#### WHAT YOU HAVE TO DO
Within the entries below, please return exactly the lines from the one with "почти минута лага." through the one with "This is a miniature", leaving out any pictures.

#### RECORDED DATA
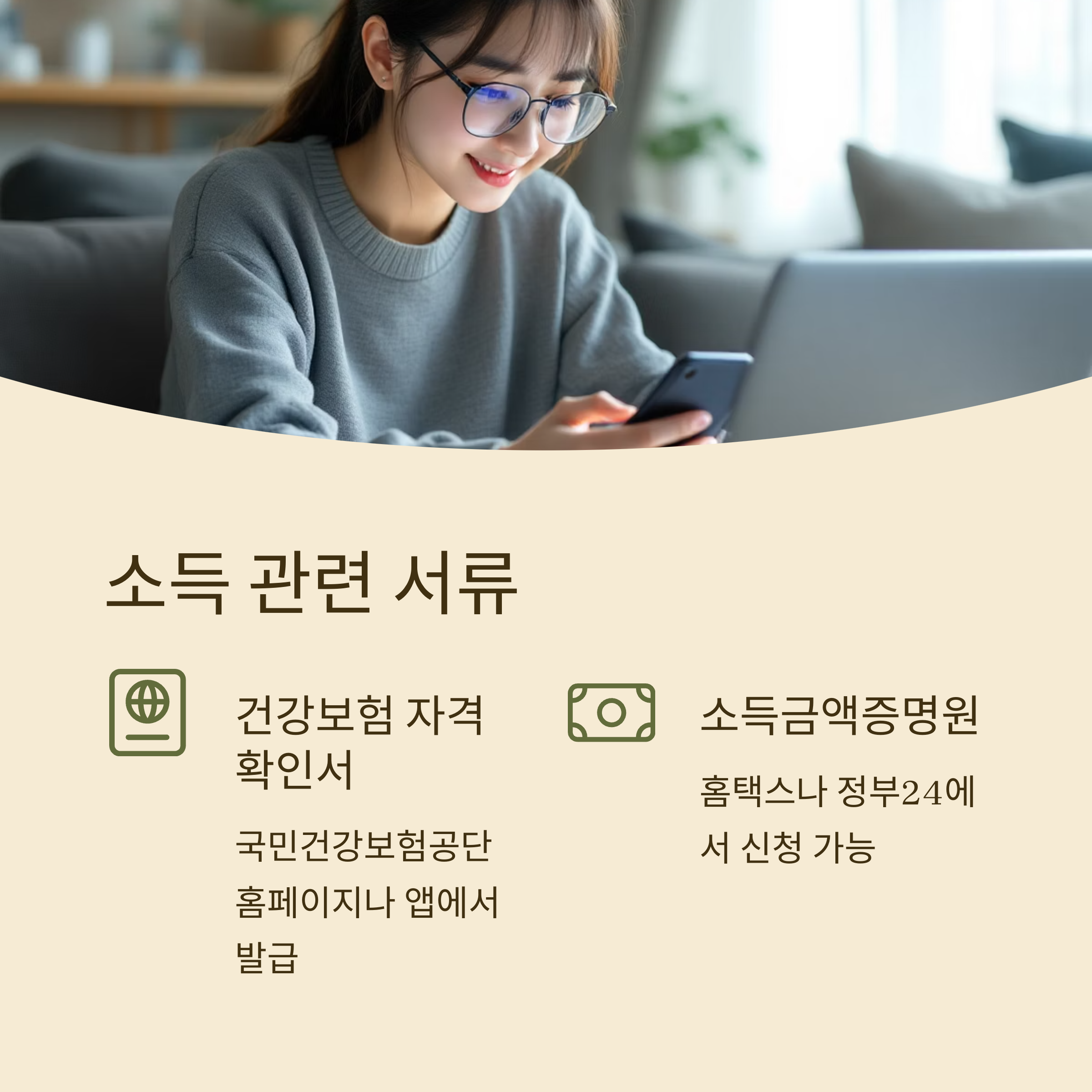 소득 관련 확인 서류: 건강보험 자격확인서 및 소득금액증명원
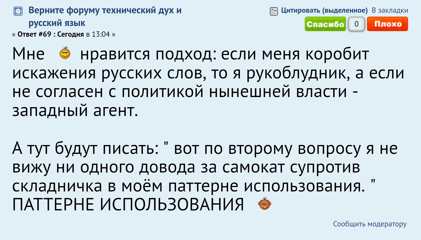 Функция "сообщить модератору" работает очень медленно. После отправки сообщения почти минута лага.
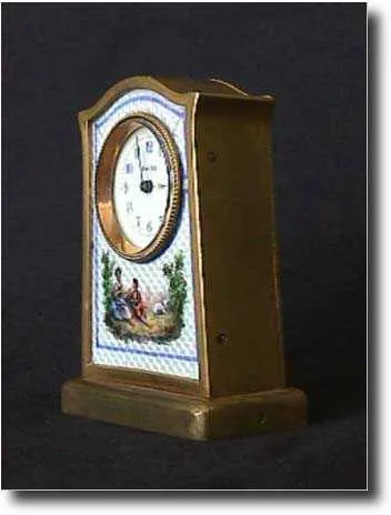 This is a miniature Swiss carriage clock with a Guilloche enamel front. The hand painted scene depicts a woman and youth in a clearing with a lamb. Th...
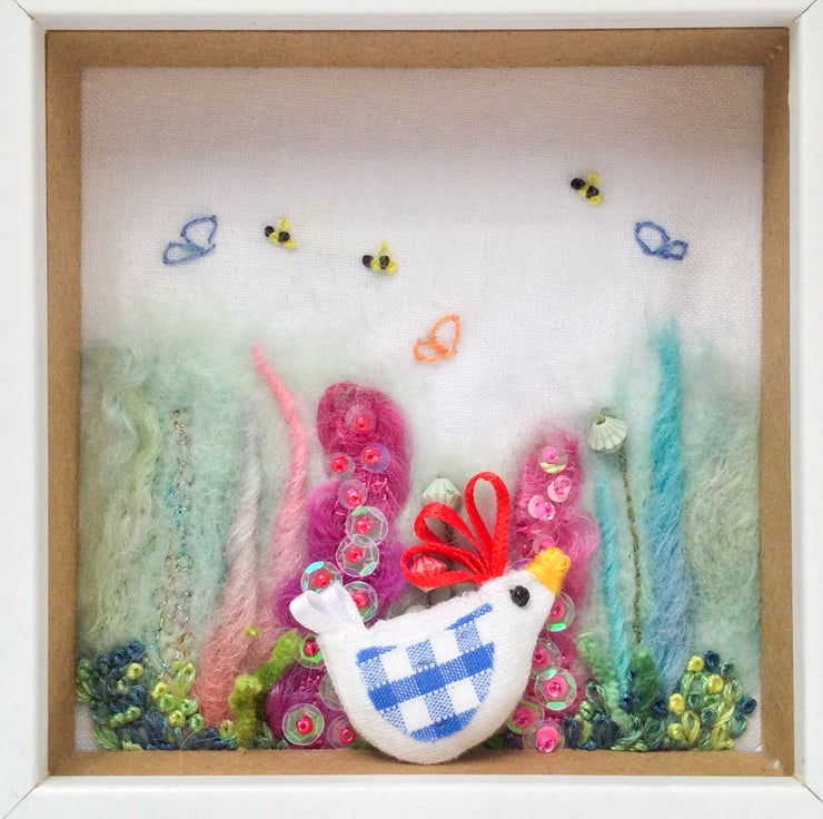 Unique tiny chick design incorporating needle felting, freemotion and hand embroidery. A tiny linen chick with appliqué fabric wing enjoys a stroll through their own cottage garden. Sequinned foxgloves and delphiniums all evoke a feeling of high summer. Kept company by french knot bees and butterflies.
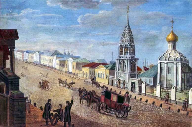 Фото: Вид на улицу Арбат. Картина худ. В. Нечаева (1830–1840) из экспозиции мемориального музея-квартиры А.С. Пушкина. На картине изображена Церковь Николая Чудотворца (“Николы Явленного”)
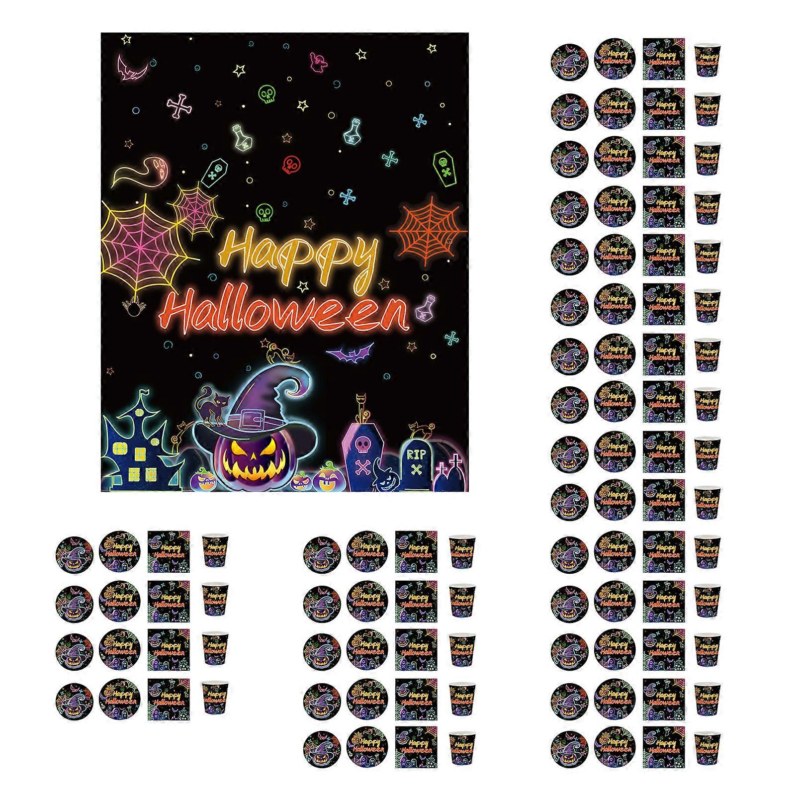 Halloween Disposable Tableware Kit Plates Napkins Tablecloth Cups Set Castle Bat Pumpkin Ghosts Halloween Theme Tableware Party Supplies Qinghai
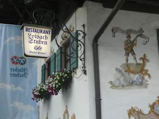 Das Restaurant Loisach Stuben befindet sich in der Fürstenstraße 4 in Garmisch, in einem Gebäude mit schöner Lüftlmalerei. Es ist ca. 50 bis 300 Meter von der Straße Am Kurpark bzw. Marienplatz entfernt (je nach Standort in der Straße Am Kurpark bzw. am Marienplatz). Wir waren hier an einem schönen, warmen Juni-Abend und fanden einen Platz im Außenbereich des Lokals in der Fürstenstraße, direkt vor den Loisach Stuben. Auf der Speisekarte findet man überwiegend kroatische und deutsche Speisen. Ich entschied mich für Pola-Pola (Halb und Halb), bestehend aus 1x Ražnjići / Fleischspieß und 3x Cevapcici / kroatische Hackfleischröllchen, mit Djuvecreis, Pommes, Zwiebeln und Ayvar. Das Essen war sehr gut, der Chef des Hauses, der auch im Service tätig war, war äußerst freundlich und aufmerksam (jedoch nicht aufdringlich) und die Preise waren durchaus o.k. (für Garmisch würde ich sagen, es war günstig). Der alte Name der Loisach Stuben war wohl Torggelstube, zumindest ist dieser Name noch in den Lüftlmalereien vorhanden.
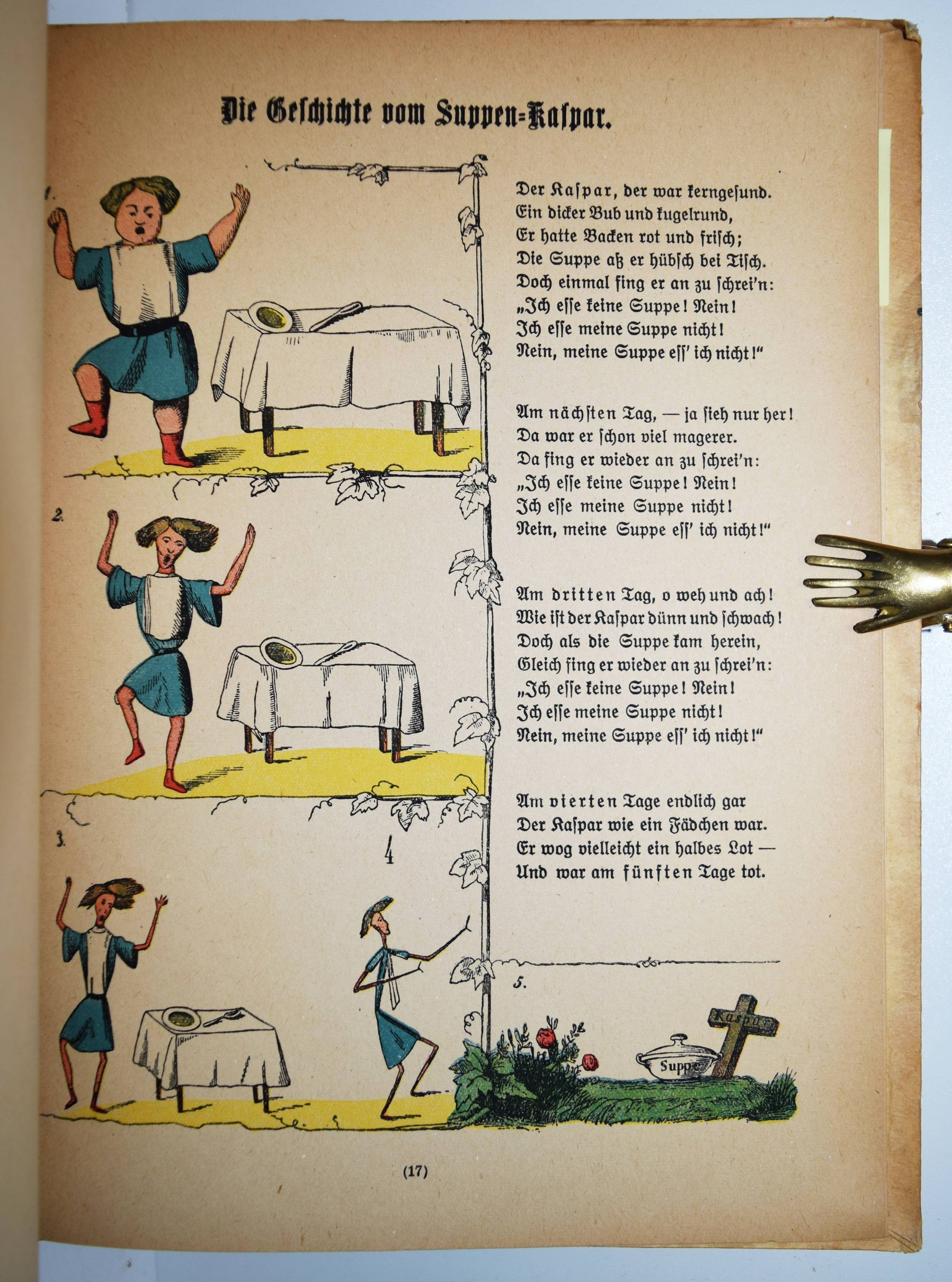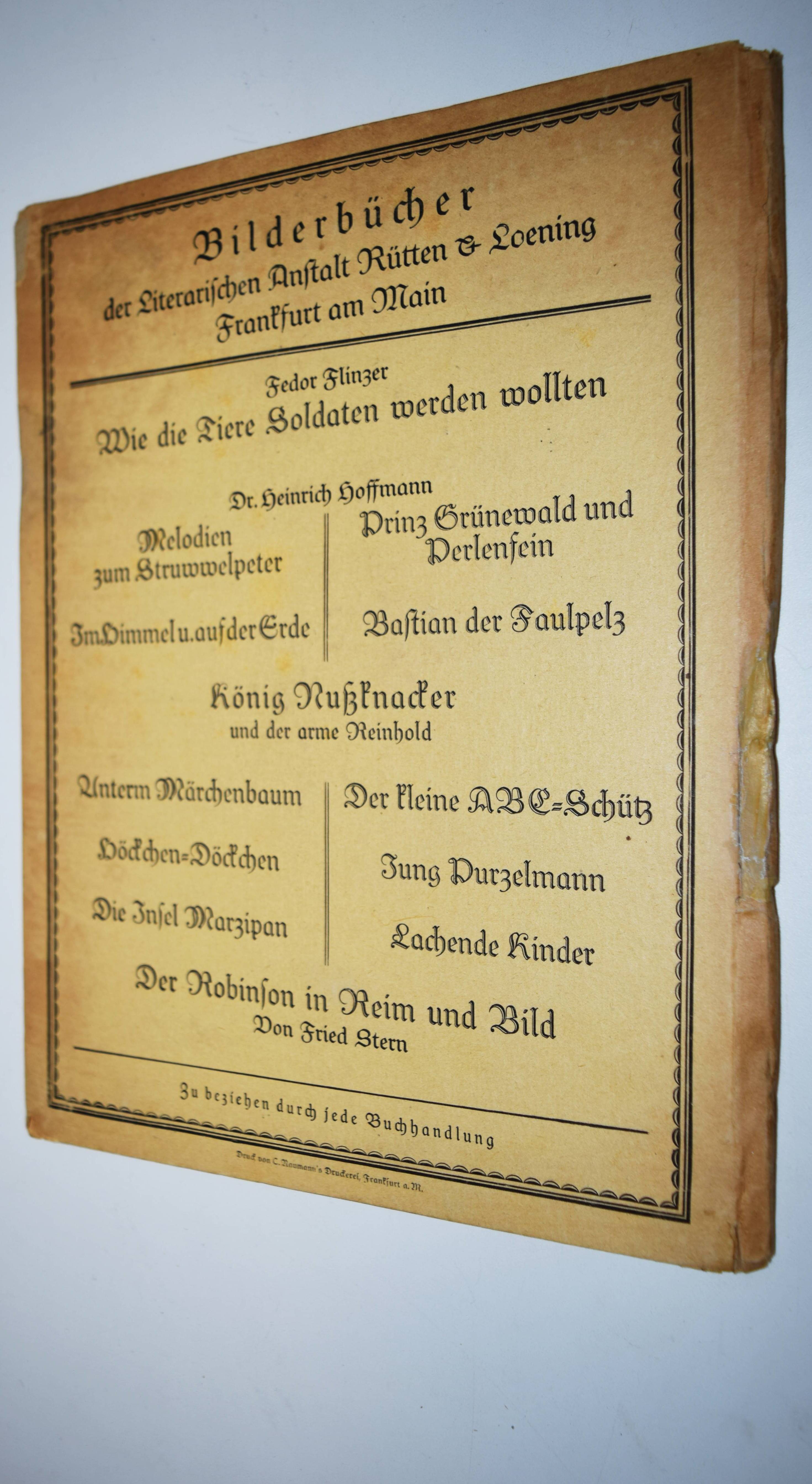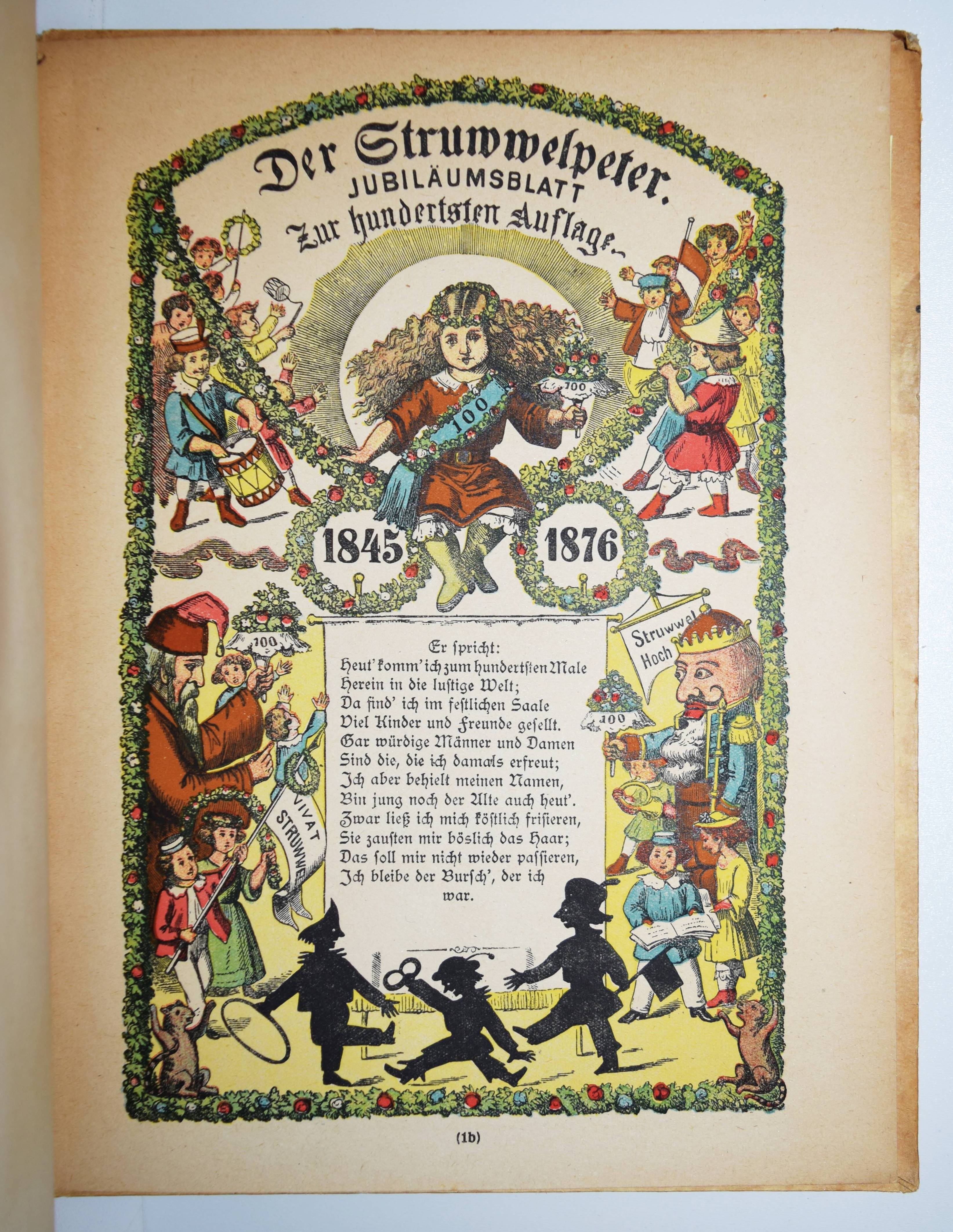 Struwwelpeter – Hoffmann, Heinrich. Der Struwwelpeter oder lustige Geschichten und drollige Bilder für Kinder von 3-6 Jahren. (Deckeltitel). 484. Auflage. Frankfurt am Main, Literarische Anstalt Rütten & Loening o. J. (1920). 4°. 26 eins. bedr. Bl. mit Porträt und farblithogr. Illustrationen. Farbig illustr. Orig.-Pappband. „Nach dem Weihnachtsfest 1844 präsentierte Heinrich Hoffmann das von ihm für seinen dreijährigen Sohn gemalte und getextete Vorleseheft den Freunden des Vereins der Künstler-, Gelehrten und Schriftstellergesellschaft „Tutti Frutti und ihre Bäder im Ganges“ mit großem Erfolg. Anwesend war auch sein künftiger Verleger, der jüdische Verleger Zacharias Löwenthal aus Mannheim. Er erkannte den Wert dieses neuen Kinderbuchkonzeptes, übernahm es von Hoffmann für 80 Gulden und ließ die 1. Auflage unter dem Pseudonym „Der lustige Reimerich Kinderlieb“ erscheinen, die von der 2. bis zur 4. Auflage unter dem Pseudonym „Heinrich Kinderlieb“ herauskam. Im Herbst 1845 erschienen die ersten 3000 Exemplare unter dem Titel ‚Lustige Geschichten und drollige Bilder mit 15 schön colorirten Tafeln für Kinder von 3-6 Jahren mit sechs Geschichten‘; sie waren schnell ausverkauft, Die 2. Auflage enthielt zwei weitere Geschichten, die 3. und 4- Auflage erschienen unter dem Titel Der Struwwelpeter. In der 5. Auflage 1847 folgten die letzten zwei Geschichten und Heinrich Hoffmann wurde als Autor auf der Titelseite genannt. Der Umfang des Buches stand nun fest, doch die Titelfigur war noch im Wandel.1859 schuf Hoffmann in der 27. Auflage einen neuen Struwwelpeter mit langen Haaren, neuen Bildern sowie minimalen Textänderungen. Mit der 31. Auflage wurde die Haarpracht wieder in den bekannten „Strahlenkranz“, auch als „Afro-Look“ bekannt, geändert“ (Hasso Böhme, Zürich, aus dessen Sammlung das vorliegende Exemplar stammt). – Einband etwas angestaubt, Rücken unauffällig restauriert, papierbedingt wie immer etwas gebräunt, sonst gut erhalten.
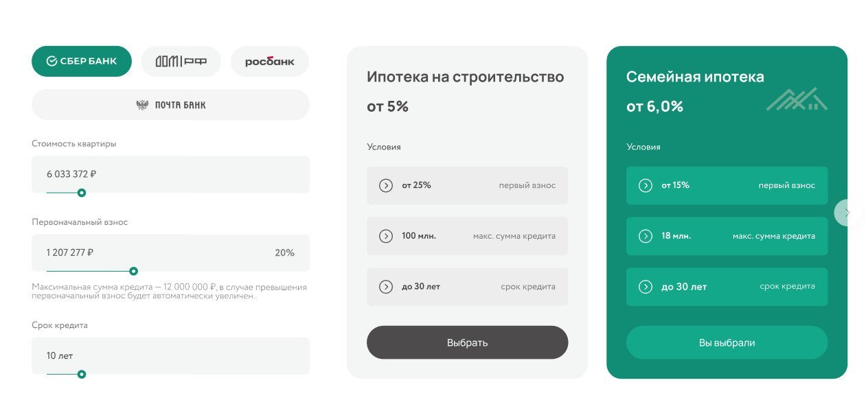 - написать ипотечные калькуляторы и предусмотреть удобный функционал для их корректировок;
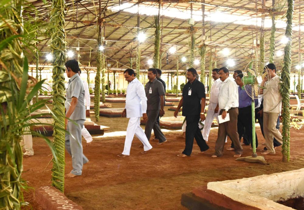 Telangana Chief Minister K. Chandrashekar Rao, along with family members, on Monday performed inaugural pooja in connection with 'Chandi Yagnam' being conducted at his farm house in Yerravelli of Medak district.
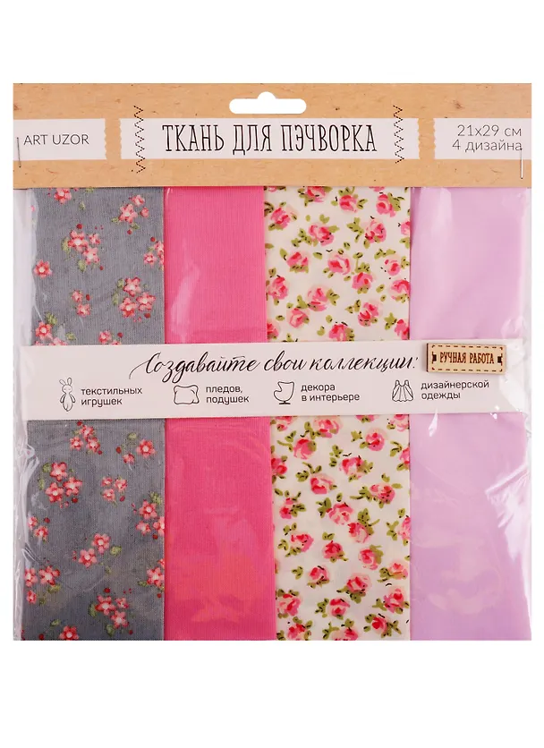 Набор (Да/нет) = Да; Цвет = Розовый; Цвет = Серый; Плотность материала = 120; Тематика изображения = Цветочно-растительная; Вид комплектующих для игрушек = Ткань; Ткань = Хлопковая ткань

#### TASK SOLUTION
 Функция "сообщить модератору" работает очень медленно. После отправки сообщения почти минута лага.
 This is a miniature Swiss carriage clock with a Guilloche enamel front. The hand painted scene depicts a woman and youth in a clearing with a lamb. Th...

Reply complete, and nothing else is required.